Issues and Questions
Issues and questions raised by the Working Group included,
- The wide-spread arbitrary detentions, tortures and abductions and reports of extrajudicial executions, torture, abductions and other grave violations;
- The human rights violations, attacks or other threats against human rights defenders, media professionals, judicial officers and government officials;
- Reports of possible war crimes committed by militias and other armed forces on all sides and the high level of impunity;
- The situation of migrants, asylum seekers, and refugees;
- The huge challenges currently facing Libya in the context of the armed conflict, the deteriorating security situation and current political situation in the country;
- The ongoing national dialogue aiming to a political consensus among all parties.
States participating in the dialogue posed a series of
recommendations to Libya.

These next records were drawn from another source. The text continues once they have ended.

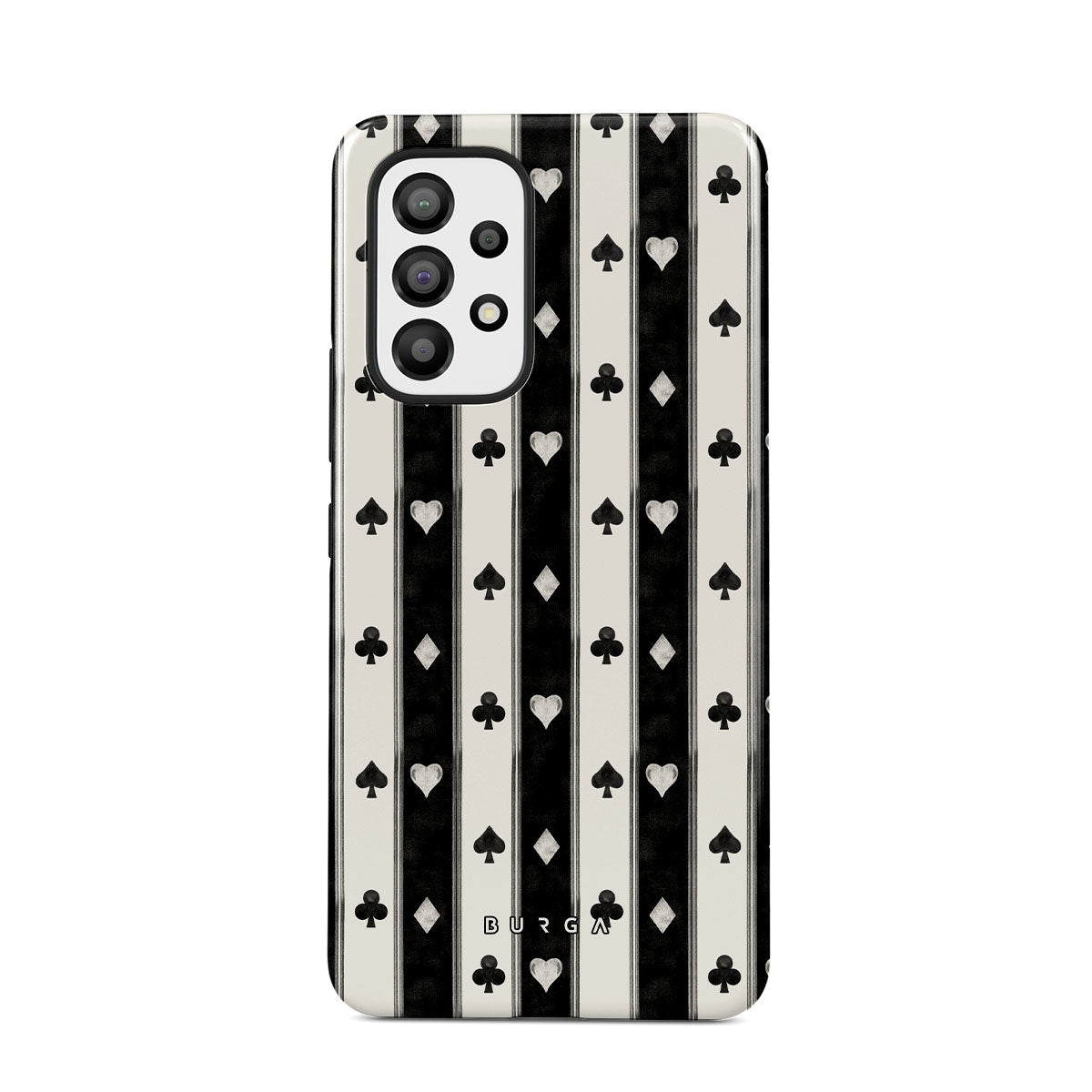 Black and white, power and play. The Queen’s Court Samsung Galaxy A23 4G / 5G phone case design doesn’t ask for permission—it takes what it wants. If you’re not moving pieces, you’re one of them.
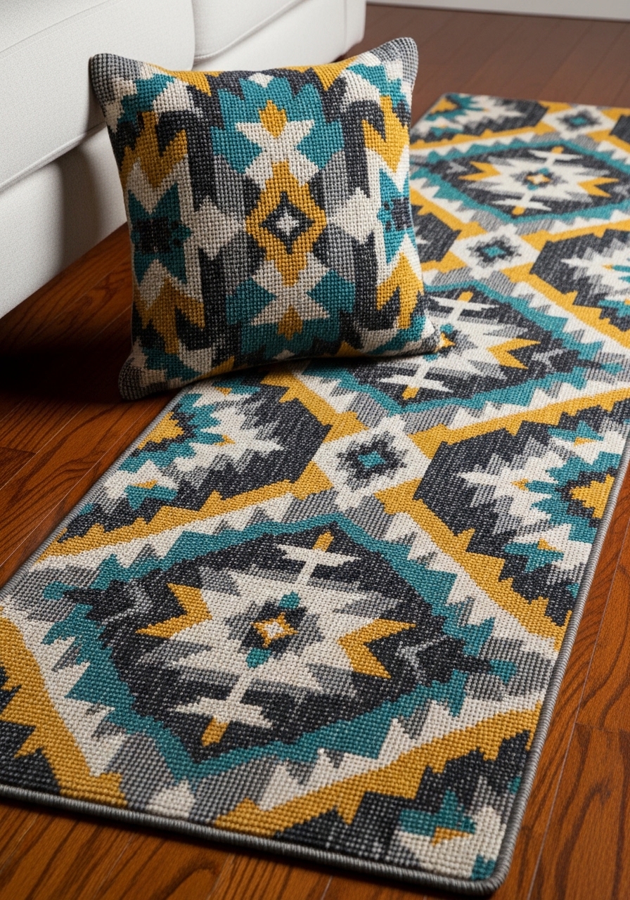 A: Yes—if you keep pattern scale varied and colors unified. Use one large pattern, one small, and a neutral texture. I combine a 20" geometric pillow and subtle striped rug like striped runner 2×6.
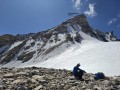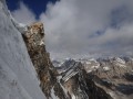 Spao Ri (aka T9) 6107 m. Pogled iz severne stene proti zahodu, tik preden se je Jošt med opastmi skobacal na zahodni greben.
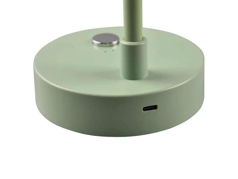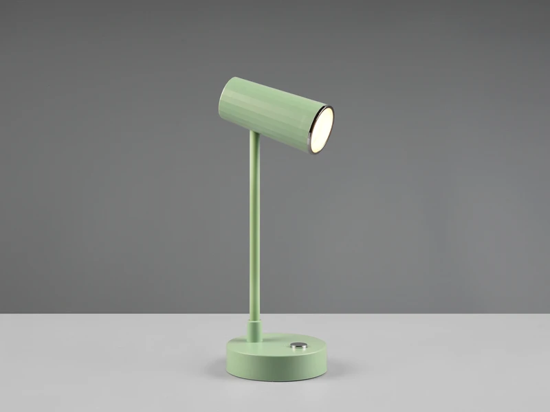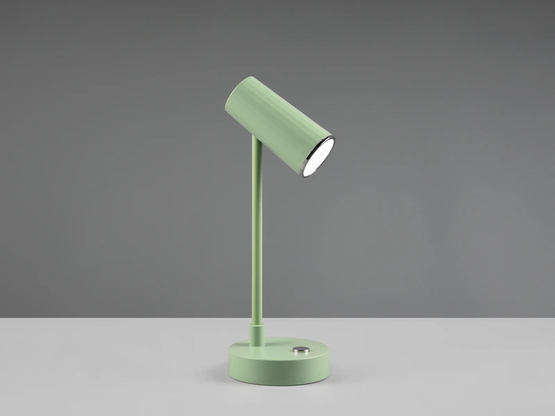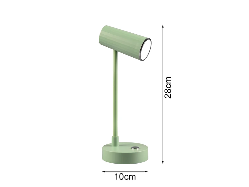 Die 28cm hohe Tischleuchte in Grün ist mit einem fest verbauten LED Modul bestückt, das mit einer Leistung von 2,5 Watt und 230 Lumen für eine angenehme Beleuchtung sorgt.
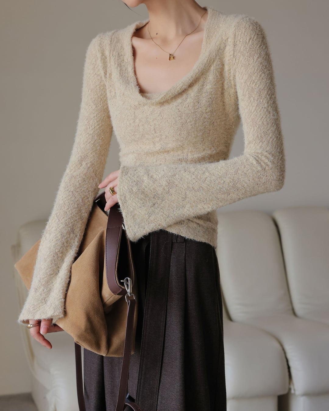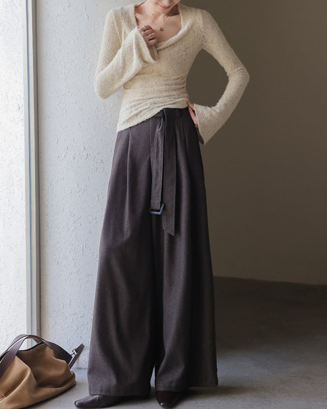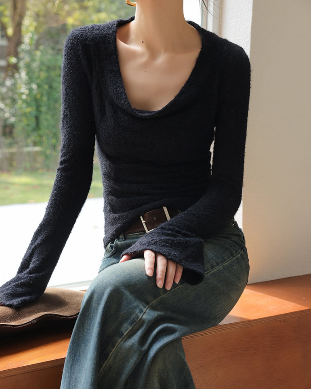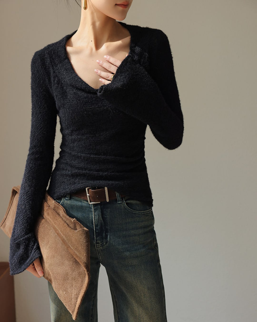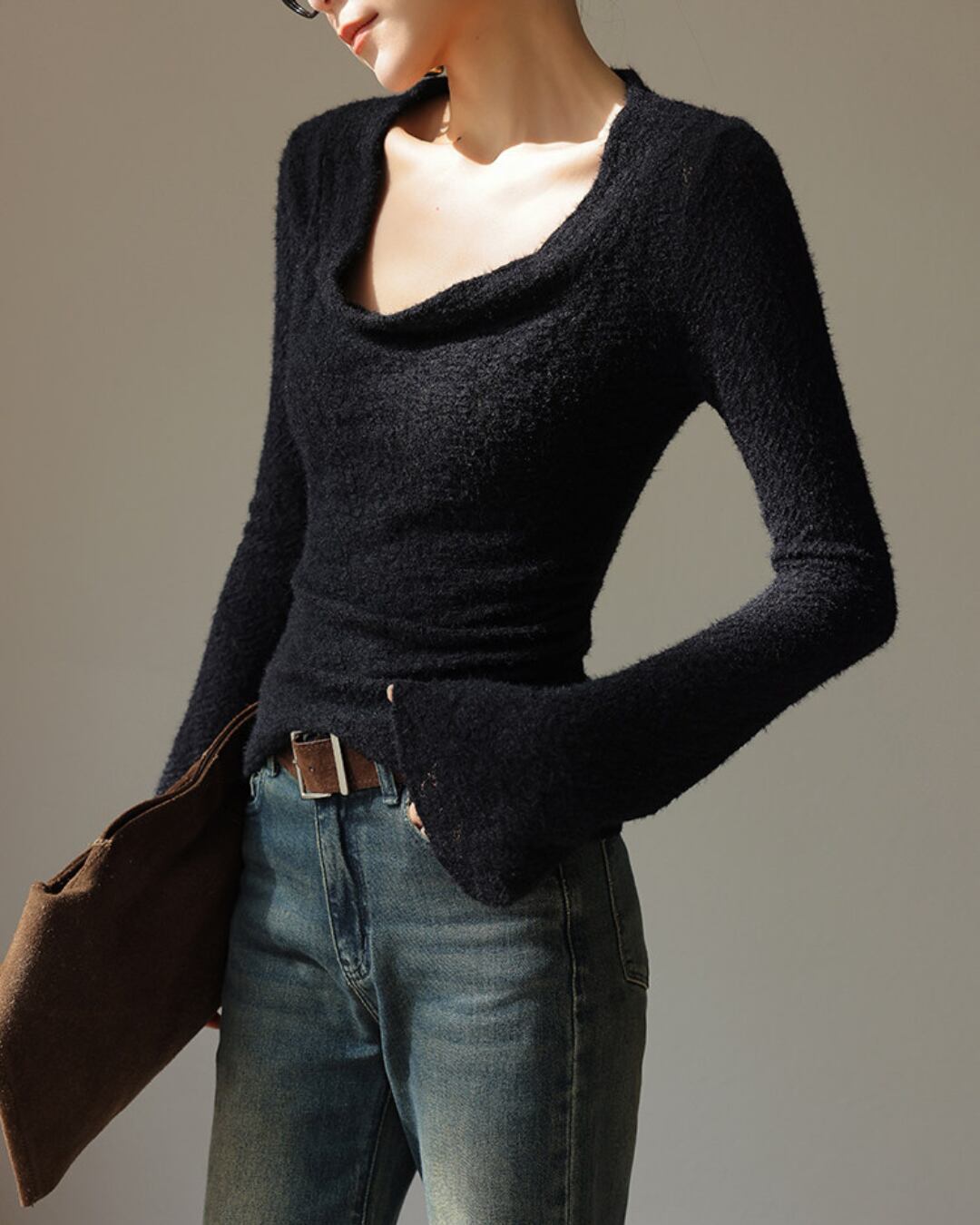 #フェザーニット #カシュクール風 #長袖トップス #フィットニット #レイヤード映え #デコルテ魅せ

These pertained to the following issues,
- To take all measures to promote and ensure equality and empowerment of women at all levels of society, including participation in political decision making;
- To ensure full support to the Constitutional drafting Assembly and to ensure that the new Constitution is fully compliant to human rights standards;
- To establish a moratorium on the death penalty;
- To fully cooperate with the International Criminal Court;
- To develop a comprehensive strategy to address internal displacement and help affected people;
- To continue moving towards establishing a comprehensive unity government and to fully commit to the United Nations Support Mission in Libya dialogue process;
- To ensure that the National Council for Civil Liberties and Human Rights is brought in conformity with the Paris Principles;
- To develop plans for transitional justice and accountability;
- To take measures to address the issue of trafficking in persons;
- To investigate all cases of killings and attacks of human rights defenders and of journalists;
- To take urgent steps to address the plight of migrants, asylum seekers, refugees and internally displaced persons;
- Ratification of
human rights instruments: the Convention on the Protection of all Persons against Enforced Disappearance; the Convention on the Rights of Persons with Disabilities; the Second Optional Protocol to the Convention on Civil and political Rights; the Optional Protocol to the Convention against Torture; the 1951 Convention on the Statues of Refugees and its 1967 Protocol; the Rome Statute of the ICC, ILO Convention 189 on Decent Work for Domestic Workers, and the African Union Kampala Convention for the Protection and assistance of Internally Displace Persons in Africa.
Adoption of report of Working Group
The adoption of the report of the UPR Working Group on Libya is scheduled to take place on
Friday, 15 May 2015.
*The troikas are a group of three States selected through a drawing of lots who serve as rapporteurs and who are charged with preparing the report of the Working Group on the country review with the involvement of the State under review and assistance from the OHCHR.